INFO 05-09 09:38:26 llm_engine.py:100] Initializing an LLM engine (v0.4.2) with config: model='Efficient-Large-Model/VILA1.5-13b-AWQ', speculative_config=None, tokenizer='Efficient-Large-Model/VILA1.5-13b-AWQ', skip_tokenizer_init=False, tokenizer_mode=auto, revision=None, tokenizer_revision=None, trust_remote_code=False, dtype=torch.float16, max_seq_len=2048, download_dir=None, load_format=LoadFormat.AUTO, tensor_parallel_size=1, disable_custom_all_reduce=False, quantization=awq, enforce_eager=False, kv_cache_dtype=auto, quantization_param_path=None, device_config=cuda, decoding_config=DecodingConfig(guided_decoding_backend='outlines'), seed=0, served_model_name=Efficient-Large-Model/VILA1.5-13b-AWQ)
Traceback (most recent call last):
  File "//testvllm.py", line 13, in <module>
    llm = LLM(model=model_id, quantization="awq", dtype="half")
  File "/home/ray/anaconda3/lib/python3.10/site-packages/vllm/entrypoints/llm.py", line 123, in __init__
    self.llm_engine = LLMEngine.from_engine_args(
  File "/home/ray/anaconda3/lib/python3.10/site-packages/vllm/engine/llm_engine.py", line 292, in from_engine_args
    engine = cls(
  File "/home/ray/anaconda3/lib/python3.10/site-packages/vllm/engine/llm_engine.py", line 150, in __init__
    self._init_tokenizer()
  File "/home/ray/anaconda3/lib/python3.10/site-packages/vllm/engine/llm_engine.py", line 328, in _init_tokenizer
    self.tokenizer = get_tokenizer_group(
  File "/home/ray/anaconda3/lib/python3.10/site-packages/vllm/transformers_utils/tokenizer_group/__init__.py", line 20, in get_tokenizer_group
    return TokenizerGroup(**init_kwargs)
  File "/home/ray/anaconda3/lib/python3.10/site-packages/vllm/transformers_utils/tokenizer_group/tokenizer_group.py", line 23, in __init__
    self.tokenizer = get_tokenizer(self.tokenizer_id, **tokenizer_config)
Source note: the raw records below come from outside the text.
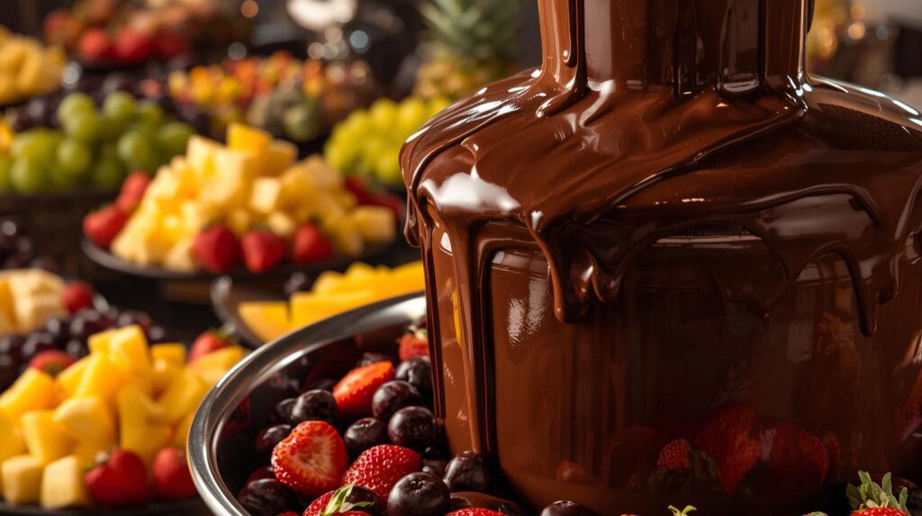 Früchte im Schokobrunnen – ein genussvolles Erlebnis für alle Sinne. 🍫🌟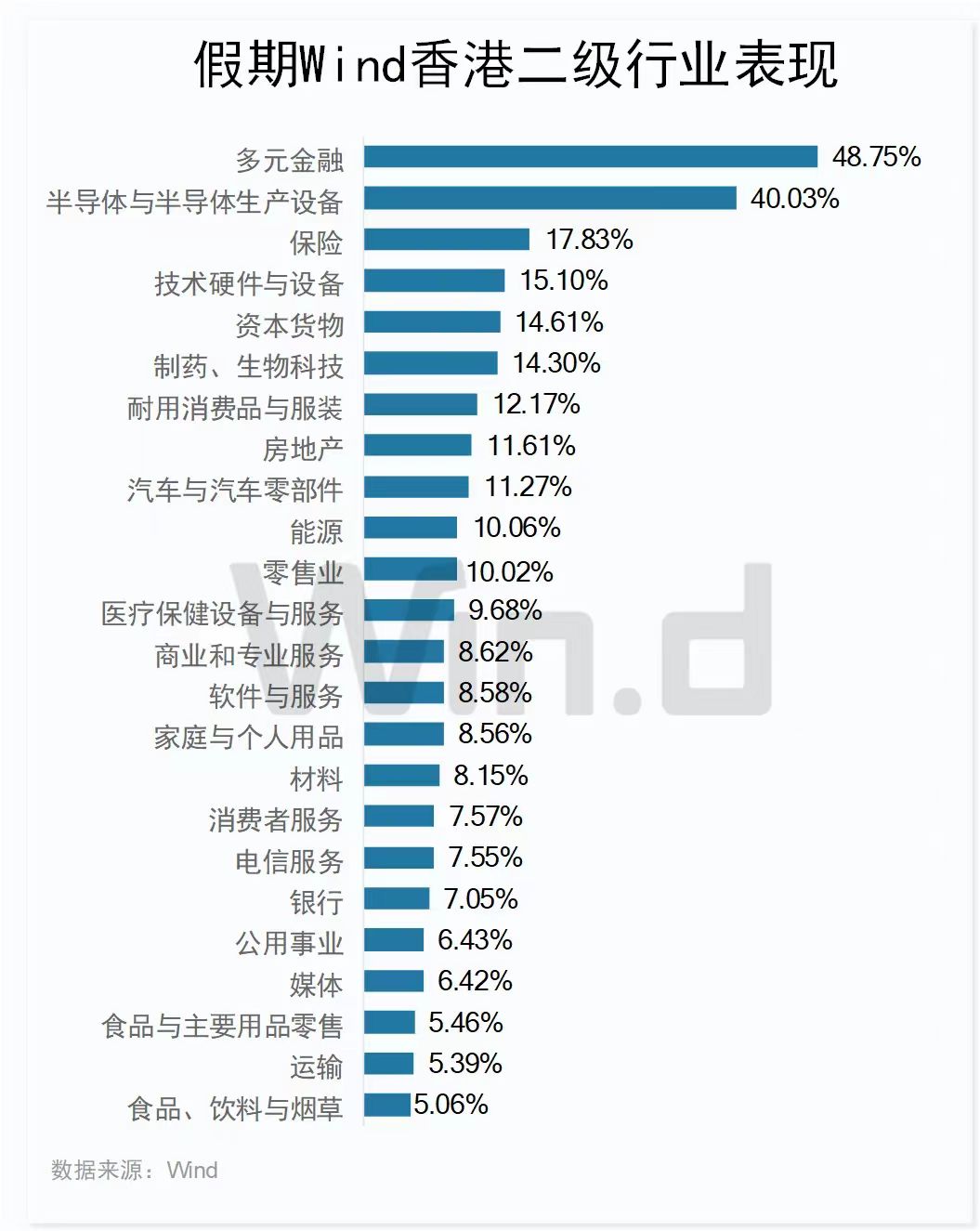 板块方面,Wind香港二级行业中,长假时代香港众元金融行业累计上涨48.75%,位居首位,半导体涨幅同样赶上40%。保障、身手硬件与兴办等9个行业涨幅赶上10%。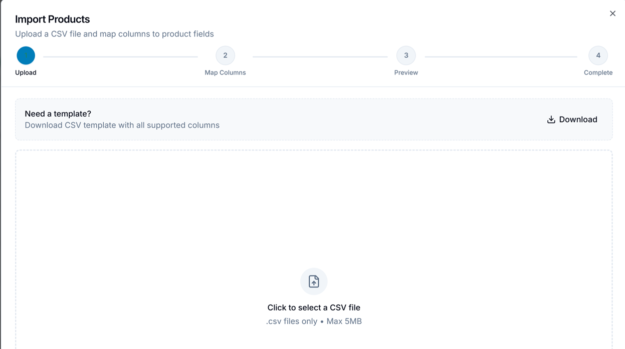 1. Navigate to Products and click Import to open the CSV Import Wizard.

  File "/home/ray/anaconda3/lib/python3.10/site-packages/vllm/transformers_utils/tokenizer.py", line 92, in get_tokenizer
    tokenizer = AutoTokenizer.from_pretrained(
  File "/home/ray/anaconda3/lib/python3.10/site-packages/transformers/models/auto/tokenization_auto.py", line 880, in from_pretrained
    return tokenizer_class_fast.from_pretrained(pretrained_model_name_or_path, *inputs, **kwargs)
  File "/home/ray/anaconda3/lib/python3.10/site-packages/transformers/tokenization_utils_base.py", line 2073, in from_pretrained
    raise EnvironmentError(
OSError: Can't load tokenizer for 'Efficient-Large-Model/VILA1.5-13b-AWQ'. If you were trying to load it from 'https://huggingface.co/models', make sure you don't have a local directory with the same name. Otherwise, make sure 'Efficient-Large-Model/VILA1.5-13b-AWQ' is the correct path to a directory containing all relevant files for a LlamaTokenizerFast tokenizer.
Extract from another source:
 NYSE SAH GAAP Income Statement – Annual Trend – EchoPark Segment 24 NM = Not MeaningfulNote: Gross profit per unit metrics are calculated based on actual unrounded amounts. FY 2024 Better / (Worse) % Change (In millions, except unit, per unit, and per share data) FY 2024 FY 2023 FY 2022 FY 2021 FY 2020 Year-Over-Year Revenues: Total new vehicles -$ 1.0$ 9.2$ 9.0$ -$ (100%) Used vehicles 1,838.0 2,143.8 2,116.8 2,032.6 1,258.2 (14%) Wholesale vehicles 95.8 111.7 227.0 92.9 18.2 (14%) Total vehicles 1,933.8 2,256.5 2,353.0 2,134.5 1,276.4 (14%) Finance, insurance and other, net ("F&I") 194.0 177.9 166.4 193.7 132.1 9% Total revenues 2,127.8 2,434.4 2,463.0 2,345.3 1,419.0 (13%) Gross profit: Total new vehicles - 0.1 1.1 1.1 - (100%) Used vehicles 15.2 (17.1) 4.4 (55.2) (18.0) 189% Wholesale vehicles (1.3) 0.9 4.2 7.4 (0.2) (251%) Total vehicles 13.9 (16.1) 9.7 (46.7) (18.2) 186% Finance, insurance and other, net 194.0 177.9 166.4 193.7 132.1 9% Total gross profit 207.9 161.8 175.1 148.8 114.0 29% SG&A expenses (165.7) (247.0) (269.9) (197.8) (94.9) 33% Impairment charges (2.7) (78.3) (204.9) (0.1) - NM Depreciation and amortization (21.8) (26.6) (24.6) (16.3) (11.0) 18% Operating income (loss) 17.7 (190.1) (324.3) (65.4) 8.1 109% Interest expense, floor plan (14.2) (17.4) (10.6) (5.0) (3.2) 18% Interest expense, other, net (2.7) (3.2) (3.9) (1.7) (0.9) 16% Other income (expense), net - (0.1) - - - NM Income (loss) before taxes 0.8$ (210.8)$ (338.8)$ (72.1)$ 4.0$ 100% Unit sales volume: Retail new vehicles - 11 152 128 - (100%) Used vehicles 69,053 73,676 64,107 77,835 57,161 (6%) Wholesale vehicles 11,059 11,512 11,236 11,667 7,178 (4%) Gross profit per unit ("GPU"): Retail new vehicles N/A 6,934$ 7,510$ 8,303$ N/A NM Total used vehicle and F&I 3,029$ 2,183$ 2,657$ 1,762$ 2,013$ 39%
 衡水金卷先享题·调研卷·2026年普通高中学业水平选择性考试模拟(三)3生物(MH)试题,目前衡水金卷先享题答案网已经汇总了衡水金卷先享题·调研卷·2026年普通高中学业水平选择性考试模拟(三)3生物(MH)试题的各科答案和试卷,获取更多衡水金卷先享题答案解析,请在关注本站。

Which seems to suggest that the LLama tokenizer isn't in the llm directory? Do we need a tokenizer.json in the repo? Even if I add that, it seems to have trouble loading the tokenizer.
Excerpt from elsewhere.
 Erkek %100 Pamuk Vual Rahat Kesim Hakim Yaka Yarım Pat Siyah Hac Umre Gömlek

ys-2020 commented 1 month ago

Hi @kousun12 , thanks for your interest in VILA! For the first question, I am wondering what is the version of your transformers, and how do you install VILA? The model arch llava_llama should be already defined if you have installed VILA and the right version of transformers. For the second question, tokenizer.json is here, under the llm folder rather than the root of the model. You may need to modify the code for loading VILA to solve the problem. And please note that you need to make sure that the VILA model is served with newest TinyChat backends.